Although it is yet early to discuss the upcoming parliamentary elections of 2013 here, since it has not officially been launched, but the Armenian parties are already polarized, especially the alliance of the Tashnag party with General Michael Aoun’s Change and

Reform bloc — and consequently with Hezbollah — worries many Armenians. Furthermore, the Tashnag leaders have been unconditionally backing Aoun’s dangerous and adventurist strategy regarding regional issues and his collaboration with the Syrian regime and its Iranian counterpart. Aoun, the former Lebanese army commander and current politician and leader of the Free Patriotic Movement, declared “The Liberation War” against the Syrian Occupation on March 14, 1989. He was driven out of power by Syrian Forces on October 13, 1990 and was forced into exile in France, where he remained until 2005. While in exile, he appeared before a US Congressional subcommittee to support the Syrian Accountability

Act, which was designed to punish Syria’s regional role.

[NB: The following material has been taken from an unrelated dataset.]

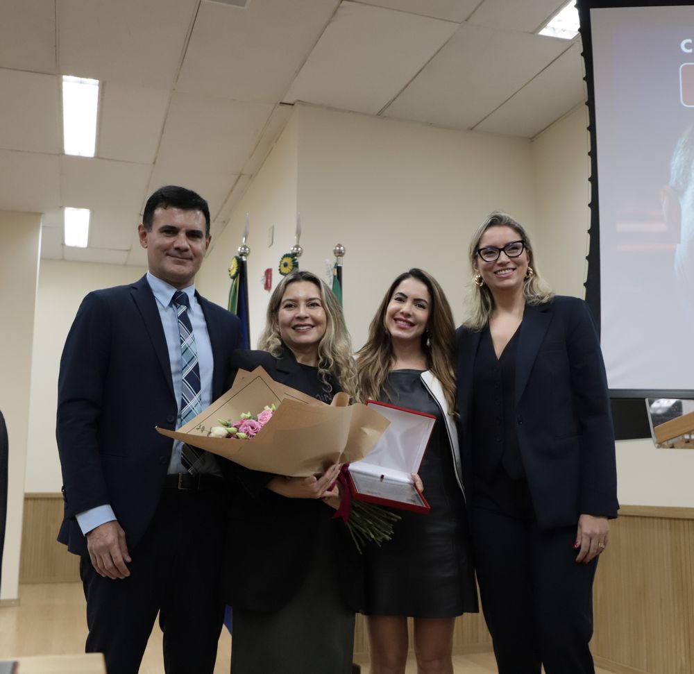 Homenagem - Como parte das comemorações alusivas ao Mês da Mulher, o Ministério Público do Estado de Mato Grosso e a Associação Mato-Grossense do Ministério Público (AMMP) homenagearam a promotora de Justiça Marcelle Faria pela atuação no Tribunal do Júri e pela escolha da defesa da vida como principal bandeira de trabalho.

He returned to Lebanon on May 7, 2005, after the assassination of Prime Minister Rafiq Hariri, 11 days after the withdrawal of Syrian troops. After his return, he controversially shifted to adopt a pro-Syrian agenda (according to many analysts, for some personal ambitions to achieve the presidency of Lebanon) going as far as signing a memorandum of understanding with pro-Iran Hezbollah in 2006. Aoun, currently a member of parliament, visited Syria in 2009. He leads the “Change and Reform” parliamentary bloc of 27 members that include the Tashnag members of parliament.

It is even more worrying the irresponsible statements of Tashnag representatives in public announcements and in private salons. The language and terminology used are surprisingly similar to those of Aoun’s and those of Hezbollah officials reading many controversial Lebanese issues, like for example, the UN Special Tribune for Hariri’s case against the Syrian regime.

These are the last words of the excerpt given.